Best Practice 4.3 – Regularly test business continuity plans and fault recovery - SAP Lens

Best Practice 4.3 – Regularly test business continuity plans and fault recovery

SAP systems are generally business critical and depended upon for major customer facing transactions. Enabling the quick resumption of IT operations and minimizing data loss during a fault or disaster situation is critical for operational excellence. Business continuity plans (BCP) and fault recovery procedures are required to ensure that your operations team and systems know what to do, when to do it, and workload service can be resumed promptly in case of a fault.

Critical to the successful resumption of services is that your BCP procedures and fault recovery plans are regularly tested, improved upon and refined as your systems and support team evolves. Testing your BCP and recovery plans outside of real crisis situations ensures that when a real system fails or disaster does occur, you can be confident in your ability to successfully resume service and that you will meet your recovery time objective (RTO) and recovery point objective (RPO).

Suggestion 4.3.1. - Create a BCP and fault recovery testing calendar

Create a calendar which schedules regular (at least annually) BCP and fault scenario recovery testing for your SAP workload. Involve technology operational teams, support personnel and business stakeholders in this test so that procedures are understood and expectations are aligned.
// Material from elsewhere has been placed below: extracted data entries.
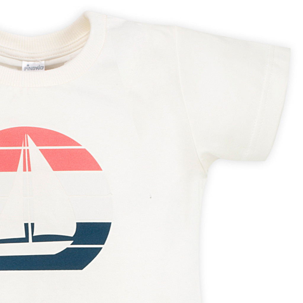 Ez a kisfiú kétrészes együttes tökéletes választás aktív hétköznapokra. A rövid ujjú póló és a rugalmas leggings harmonikus kombinációja kényelmes viseletet biztosít játék, séta vagy óvodai programok során. A pólón található hajós minta vidám, gyerekbarát megjelenést ad az összeállításnak.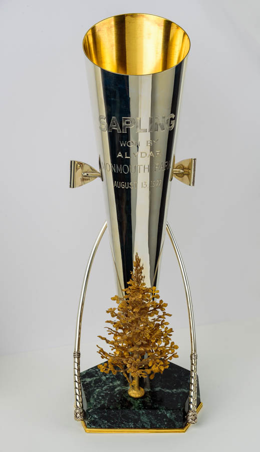 Veitch decided Alydar needed blinkers for the Sapling Stakes because the horse was looking around the track during the race. The track was muddy, but Alydar again crushed the competition with his stretch run, winning by two and a half lengths.
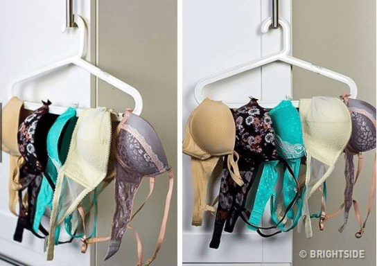 胸罩需要小心的收藏,不然變形了就功能就廢啦!不過家裹沒有大空間可以收納,只需要一個衣架就可以收納好胸罩!把全部胸罩都掛在衣掛上,不會讓你的胸罩變形,而且還很方便!

Aim to test your systems in as real a situation as possible.

Consider testing the following scenarios and validating recovery metrics for each of them:

  • SAP application service failure

    (for example, SAP application service fails to start due to a configuration change)

  • Single instance host failure

    (for example, SAP application server EC2 instance becomes unreachable)

  • Single storage volume failure

    (for example, a single EBS volume becomes unreachable)

  • Network failure and switch over to redundant connection

    (for example, your on-premises Direct Connect connection is unreachable)

  • Automated failover between primary and secondary clustered components

    (for example, SUSE HAE cluster forces primary HANA database to move to the secondary database in an alternate Availability Zone)

  • Manual fail over between primary and secondary components

    (for example, manual invocation of Oracle DataGuard switch over to secondary database in an alternate Availability Zone)

  • Load balancing between multiply redundant components

    (for example, primary web dispatcher fails in a high availability pair across Availability Zones)

  • Recovery of your SAP application in an alternate AWS Region (if required)

  • Recovery from backup in event of ransomware

    (for example, recovering your entire SAP ERP system from Amazon S3 WORM backup)

Suggestion 4.3.2 - Regularly review and update BCP and fault recovery procedures as part of workload changes

As your workload evolves and changes over time, ensure that BCP and recovery procedures are considered in these changes. When a code or infrastructure change might affect your RTO or RPO, ensure that documentation and configuration is updated, and the new BCP and recovery process is tested as part of the release process or regular test calendar.